A general schematic can be seen on the right side.
As you can see, we get a list of annotations. First we unwrap them leaving only the IRIs of the entities, then we clean the
List from IRIs which are not complained with the standard
For performance issues we cache the results and split them into chunks
At this time we implemented two basic filters one dedicated for SPARQL queries and one for Popularity.
A configuration example is shown on the left side.
Every filter takes a name and a backend service like dbpedia or a file or something else
The real filter is here a sparql query which returns all entity links which are persons. The doublecross is replaced with the real links
And to cover some issues handling the amount of data, the filter can define a chunk size.
The popularity filter follows the same conventions only using another service and filter query.
We came up with two measures for sparse data sets.

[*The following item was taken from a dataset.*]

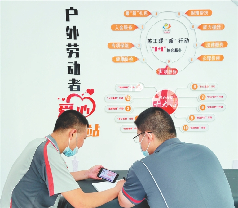 近年来,南通市总工会聚焦新就业形态劳动者生产生活需求,切实解决他们的急难愁盼,增强广大新就业形态劳动者的幸福感、获得感、安全感。如今,越来越多的外卖快递小哥在这里找到了“家”的感觉。

The first one show the relative amount of empty documents within a data sets. Meaning that one or more documents don’t have any annotations at all.
And the second one is called Missing annotations which is a little bit misleading so density is the better name.
Since we can not measure what is missing we decided to measure how many expectations are in a document with respect to all possible expectations for a document also known
As words.
It is quite important to mention that these measures only affect a certain subtask in named entity linking. If an annotator only gets a text fragment and searches for entities by themselve, it is possible to find entity mentions in not annotated documents or new one in data sets with a low density. This leads to an penalization since the annotator results are taken as false positives although they could be right.
The ambiguity can be described in booth directions for either surface forms or entities
For example the entity airport tegel can be described through three surface which makes them all synonyms
The other way round the surface form bruce is linked to two entities which makes them homonyms
Since no exhaustive collection of relations between surface forms and entities exists the true measures remain unknown
But the level of ambiguity gives a rough extent about how hard to disambiguate is a dataset.